Steuerliche, sozialversicherungs- und gesellschaftsrechtliche Fragen zum Kommanditisten

Frage:
In einer KG sollen 2 Mitarbeiter (Tochter und Sohn des Inhabers) als Kommanditisten beteiligt werden. Diese Mitarbeiter werden die KG nach außen hin nicht vertreten. Sie bleiben weisungsgebunden, bekommen allerdings interne Verantwortungsbereiche zugewiesen. Beide Mitarbeiter sollen als Dienstnehmer angemeldet bleiben (mit 13.und 14. Gehalt).

Wie schaut diese Lösung für die Kommanditisten versicherungsmäßig (ASVG oder GSVG) und steuerlich (Einkünfte aus nichtselbständiger Tätigkeit mit Lohnzettel oder Einkünfte aus Gewerbebetrieb) aus?

Können Kommanditisten die Prokura erhalten oder nur eine Handlungsvollmacht? Wo kann ich mich im Internet über die Erteilung einer Prokura oder Handlungsvollmacht erkundigen (Erteilung, Rechte, Pflichten etc.)?

Antwort:

Steuerliche Beurteilung:
Werden Mitarbeiter, die bei einem Unternehmen in einem steuerlich anerkannten Dienstverhältnis beschäftigt sind, bei diesem Unternehmen als Kommanditisten beteiligt, so wird das Dienstverhältnis dadurch aus steuerlicher Sicht beendet. Die weiterhin ausbezahlten Gehaltsbezüge werden beim „Dienstnehmer-Kommanditisten“ in der Folge steuerlich als Gewinnanteile behandelt und daher als Einkünfte aus Gewerbebetrieb besteuert. Dies bedeutet ua Folgendes:

  • Die lohnsteuerlichen Vorteile, wie insbesondere der Arbeitnehmerabsetzbetrag, die Möglichkeit der Inanspruchnahme steuerlich günstiger Sachbezüge (zB Dienstwagen) und vor allem die nur 6%ige Besteuerung der 13. und 14. Bezuges (bzw allfälliger zukünftiger Abfertigungen, sofern der Dienstnehmer nicht der "Abfertigung neu" unterliegt) gehen verloren.
  • Die „Gehaltsbezüge“ von Kommanditisten unterliegen nicht mehr dem monatlichen Lohnsteuerabzug; die Einkommensteuer ist vielmehr im Wege der jährlichen Einkommen­steuerveranlagung zu entrichten (wobei dafür quartalsmäßige Vorauszahlungen vorgeschrieben werden).
  • Vorteilhaft ist, daß die als Gewinnanteile geltenden Gehaltsbezüge nicht mehr der 3%igen Kommunalsteuer und dem 4,5%igen Dienstgeberbeitrag zum Familienbeihilfen-Ausgleichsfonds (und auch nicht mehr der als Zuschlag zu diesem Beitrag eingehobenen Kammerumlage in Höhe von rd 0,5%) unterliegen.

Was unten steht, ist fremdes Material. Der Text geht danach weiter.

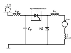 Общая схема электровоза постоянного тока с импульсным регулированием. Преобразователь (в сущности, это электронный ключ, раньше его выполняли по достаточно сложной схеме на быстродействующих тиристорах, в современных конструкциях его роль выполняют IGBT транзисторы) посылает импульсы тока, накопление энергии происходит в дросселе Lн. Фильтр LфCф препятствует проникновению электромагнитных помех в контактную сеть. Обратный диод VD замыкает цепь дросселя Lн и тягового двигателя между импульсами преобразователя, обеспечивая непрерывность тока в них.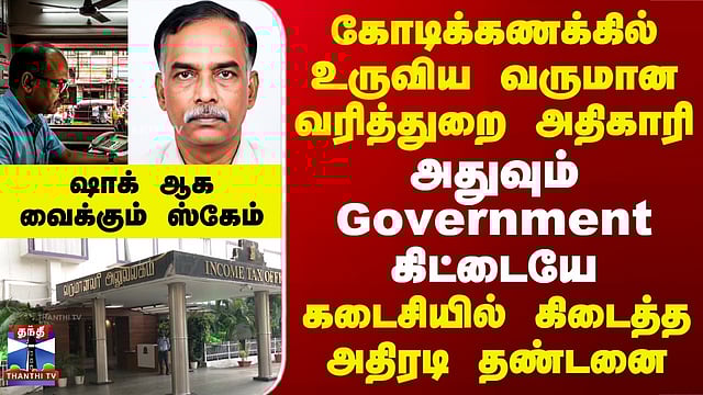 கோடிக்கணக்கில் உருவிய வருமான வரித்துறை அதிகாரி.. அதுவும் Government-கிட்டையே - கடைசியில் கிடைத்த அதிரடி தண்டனை #IncomeTax #Scam #Punishment #police #thanthitv வருமான வரித்துறையில் மோசடி செய்து அரசுக்கு 2 கோடியே 38 லட்சம் ரூபாய் இழப்பீடு ஏற்படுத்திய முன்னாள் வருமான வரித்துறை அதிகாரி மற்றும் தற்போதைய சென்னை காவல்துறை ஆய்வாளர் உட்பட 7 பேருக்கு நான்கு ஆண்டுகள் கடுங்காவல் சிறை தண்டனை வழங்கப்பட்டுள்ளது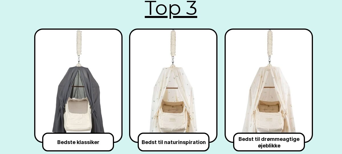 Bedst til baby: En let, åndbar bomulds- eller voilesenhimmel med bred åbning og minimal pynt. Fokus er ventilation, nem adgang og certificerede materialer tæt på barnet. Ophæng højt nok til, at små hænder ikke kan nå det.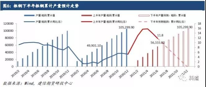 2020年我國粗鋼累計產量共計105299.9萬噸,2021年1-6月我國粗鋼產量共累計56333萬噸,按照粗鋼平控要求,下半年粗鋼產量則不得超過48966.9萬噸,即下半年較2020年減少需超6431.5萬噸,同比不得超過-11.61%。

Tipp: Aus steuerlicher Sicht könnte die Beendigung des Dienstverhältnisses dazu genutzt werden, um den bisherigen Dienstnehmern eine nur mit 6% besteuerte Abfertigung auszuzahlen (Details sollten mit einem Steuerberater besprochen werden).

Sozialversicherungsrechtliche Beurteilung:
Aus sozialversicherungsrechtlicher Sicht können Dienstnehmer, die auch als Kommanditisten am Arbeitgeber-Unternehmen beteiligt sind, weiterhin in einem ASVG-pflichtigen Dienstverhältnis stehen, wenn sie in den Betrieb des Dienstgebers organisatorisch eingegliedert und weisungsgebunden sind. Die vom Dienstnehmer bezahlten ASVG-Beiträge sind bei der Einkommensteuerveranlagung als Betriebsausgaben absetzbar. Die Dienstgeberanteile sind beim Arbeitgeber weiterhin Betriebsausgaben.

Sind die Voraussetzungen für die ASVG-Pflicht nicht gegeben (keine organisatorische Eingliederung und keine Weisungsgebundenheit), so besteht für die Gewinnanteile (inkl Gehaltsbezüge) Versicherungspflicht nach dem GSVG.

Gesellschaftsrechtliche Beurteilung:
Einem Kommanditisten kann sowohl die Prokura als auch die Handlungsvollmacht erteilt werden. Prokuristen können Gesamtprokuristen (gemeinsame Vertretungsbefugnis mit einem zweiten Prokuristen oder mit einem Geschäftsführer) oder Einzelprokuristen sein. Prokuristen sind – von wenigen (wichtigen) Ausnahmen abgesehen – zum Abschluß aller Geschäfte berechtigt (ausgenommen zB die Belastung von Liegenschaften und der Verkauf des Unternehmens). Handlungsbevollmächtigte sind hingegen nur zum Abschluß jener Geschäfte berechtigt, die mit dem Geschäftsgegenstand des Unternehmens üblicherweise verbunden sind.